Red Rain by R.L. Stine
Published by Touchstone, an imprint of Simon & Schuster
From the publisher:
Before there was J. K. Rowling, before there was Stephenie Meyer or Suzanne Collins, there was R.L. Stine. Witty, creepy, and compulsively readable, his books defined horror for a generation of young readers— readers who have now come of age. In Red Rain, Stine uses his unerring knack for creating terror to tap into some very grownup fears. Travel writer Lea Sutter finds herself on a small island off the coast of South Carolina, the wrong place at the wrong time. A merciless, unanticipated hurricane cuts a path of destruction through the island and Lea barely escapes with her life.
In the storm’s aftermath, she discovers two orphaned boys—twins. Filled with a desire to do something to help, to make something good of all she witnessed, Lea impulsively decides to adopt them. The boys, Samuel and Daniel, seem amiable and immensely grateful; Lea’s family back on Long Island—husband Mark, a child psychologist, and their two children, Ira and Elena—aren’t quite so pleased. But even they can’t anticipate the twins’ true nature—or predict that, within a few weeks’ time, Mark will wind up implicated in two brutal murders, with the police narrowing in.

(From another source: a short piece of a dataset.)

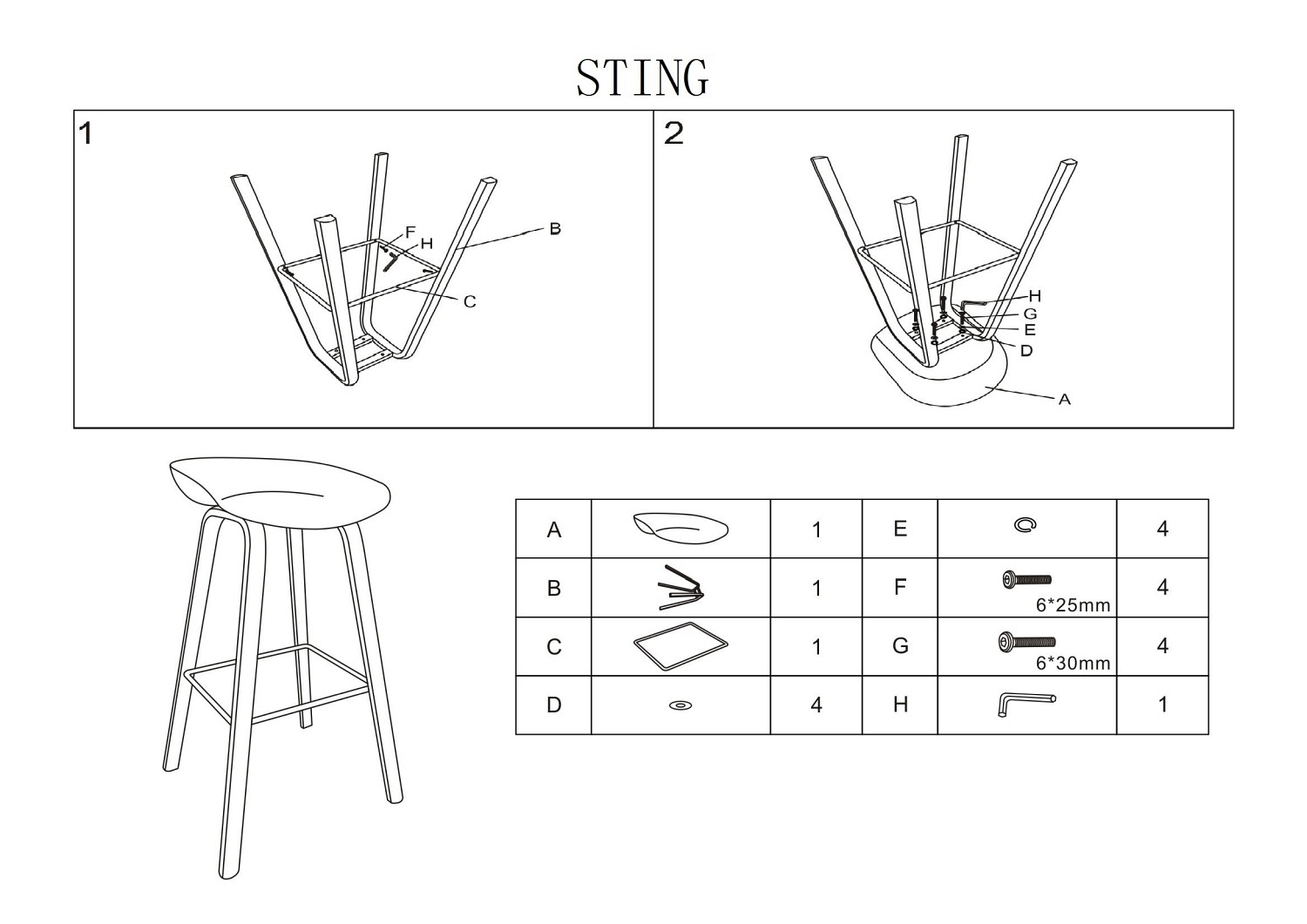 Hoker Sting to nowoczesna, skandynawska alternatywa krzeseł przeznaczonych do jadalni. Doskonale sprawdzi się przy wysokim stole lub w towarzystwie kuchennej wyspy. Jego siedzisko wykonane zostało z tworzywa PP w dwóch kolorach do wyboru: szarym i białym, natomiast stelaż wykonany jest z metalu w naturalnej okleinie dębowej, wzmocniony został połączeniem wykonanym z mocnego metalu malowanego na czarno.

I read a LOT of R.L. Stine when I was younger. I think I read every single Fear Street book that I could find at my local library, and before that I read most of the Goosebumps books. I was somewhat nervous about reading Red Rain, though, because I couldn’t imagine how Stine’s style would translate to an adult audience. And I have to be honest here and say that I was right to be worried – I didn’t enjoy this one much. I felt like I was reading a Fear Street book – it was written as if for a teen or even older middle grade audience, but with a lot of sex and swear words thrown in to maybe make it more of an adult book. I don’t know about you, but gratuitous sex and random curse words does NOT magically turn a book into one for adult audiences. For me, those elements were simply annoying and unnecessary.
Besides that, I didn’t love what Stine did with the story. I was somewhat interested in the concept, but once it got going I became frustrated with every one of the characters as they failed to see what was so blatantly in front of their eyes. Also, who randomly decides to take home a set of twin boys? It was just strange, and not at all realistic in my opinion.
I don’t want to rip the book apart too much, so I’ll stop here and just say that I’m sad to say Red Rain disappointed me. While I can’t recommend the book, perhaps certain readers who are really excited to read something new from R.L. Stine may want to check it out.